The on-the-fly recordings on Why Don't You Smile Now can sometimes seem brittle, particularly when the arrangement is overstuffed with vocal harmonies, percussion, piano—anything that mimics either Phil Spector's Wall of Sound or the big beat of the Motor City. These compressed, trebly productions can be appealing artifacts, especially when the song is an effective replica, as it is on the driving "Soul City," where Reed and company ably write an infectious Motown dance number. Where Why Don't You Smile Now gets interesting is when the sides are stripped down to rock & roll basics, relying on echoey guitars, bass, and drums. Here, the arrangements can be slightly off-kilter, woozy enough to seem purposeful, amateurish enough to seem accidental. "Ya Running, But I'll Getcha" hits its circular hook so hard it stumbles into a monochromatic chant, whereas the guitar drone propelling the R&B of "Why Don't You Smile" seems oddly prescient; underneath the group harmonies, there are hints of the Velvet Underground.
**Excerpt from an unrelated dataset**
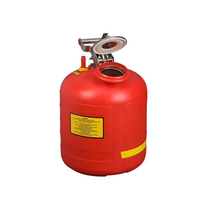 The JUSTRITE 5-Gallon Polyethylene Safety Can (Model 14565) is engineered for safe and efficient liquid disposal. Constructed from high-density polyethylene (HDPE), it offers superior chemical resistance and a leak-proof design. The spring-loaded cap remains securely closed yet vents automatically between 3–5 psi (0.2–0.35 bar) to prevent pressure buildup. A stainless steel handle and latch-catch system ensure easy handling, while the wide-mouth opening with integrated stainless steel flame arrester protects against external ignition sources. The patented carbon insert provides proper grounding, and the sturdy base design minimizes tipping risks. A built-in fill gauge rises as the can nears capacity, offering a clear visual warning for safe monitoring.

As it happens, "Why Don't You Smile" is the first song to bear a co-writing by Reed and John Cale, the pair of musicians who would soon form the Velvet Underground. Reed and Cale met when Pickwick decided Reed needed an actual band to play live dates to promote "The Ostrich," an absurd wannabe dance craze record written and sung by Reed under the name the Primitives. Reed wrote "The Ostrich" with a tuning Jerry Vance discovered while messing around with his guitar: all the strings were tuned to the same note, giving it a strangely big, shimmering sound. It was a technique not far removed from that of avant-garde artist La Monte Young, whose group included John Cale and Tony Conrad, a pair of musicians improbably recruited to play in the touring Primitives. Conrad and Cale were thrilled by the droning guitar, so they accepted the offer thereby igniting the spark that led to the Velvet Underground.
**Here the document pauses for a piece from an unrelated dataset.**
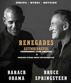 Για αυτή τη συνομιλία και αυτή τη σχέση έχουμε άποψη επειδή αποτυπώθηκε στο βιβλίο που δημιούργησαν μαζί, το Renegades: Born in the USA, όπου παίρνει τη μορφή μιας εκ βαθέων εξομολόγησης ανάμεσα σε δύο φίλους που ο καθένας, με τον τρόπο του, άφησε το αποτύπωμά του στην πρόσφατη ιστορία της χώρας τους. Και μαζί μια εκτενής συζήτηση πάνω στην Αμερική, τη δημοκρατία, τη φυλή, την πατρίδα, την πατρότητα, την αποτυχία και την ευθύνη. Ο Σπρίνγκστιν μιλά όπως πάντα μέσα από ιστορίες και βιώματα, ο Ομπάμα απαντά με πολιτική εμπειρία και στοχασμό. Με αμφιβολίες και οι δύο, συχνά με χιούμορ, πάντα με ειλικρίνεια.

"The Ostrich" doesn't sound too similar to the Velvet Underground—it is first and foremost a throwaway dance number, distinguished by its wobbly guitars and a yelping Reed—but it, like a handful of other cuts here, do point toward the Velvets. The breakneck "Cycle Annie," a spin on hot rod rock that flips gender stereotypes upside down, bears a sharp lyric from Reed that he delivers with a hipster grin that he'd later hone during mid-period Velvets. "You're Driving Me Insane"—a Rolling Stones rip credited to the Roughnecks—finds Lou singing with a sneer and playing the thin, frenetic rhythm guitar that became his signature.
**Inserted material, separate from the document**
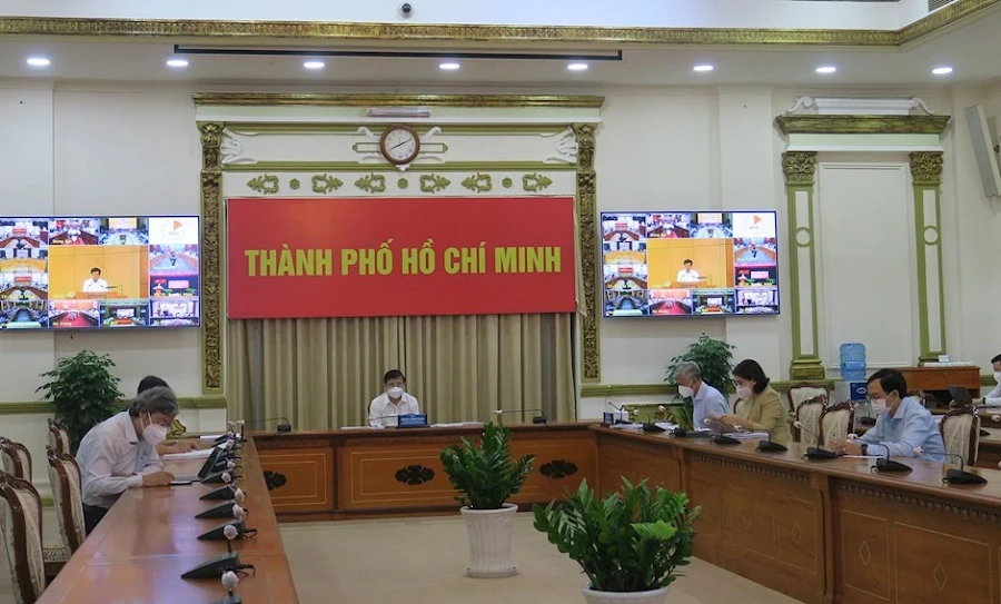 Chủ tịch UBND TP Nguyễn Thành Phong chủ trì ở điểm cầu UBND TP. Ảnh: Web Thành ủy TP.HCM

That scratch guitar and flat vocal affect is scattered throughout Why Don't You Smile Now, sometimes popping up in seriously incongruous settings, such as singing a dorky cover of "Little Deuce Coupe" for a Beach Boys songbook album. Moments like these don't quite suggest Reed's future as much as place him within the context of his time. He cut his teeth by chasing trends, gaining skills that'd pop up in unexpected places. The fun of Why Don't You Smile Now is how it doesn't separate the misfires from the moments of inspiration. The result is a raucous and ridiculous blend that not only chronicles the first act of a major artist but serves as a document of a specific moment in pop music history when much of the record business was driven by cheerfully sleazy exploitation.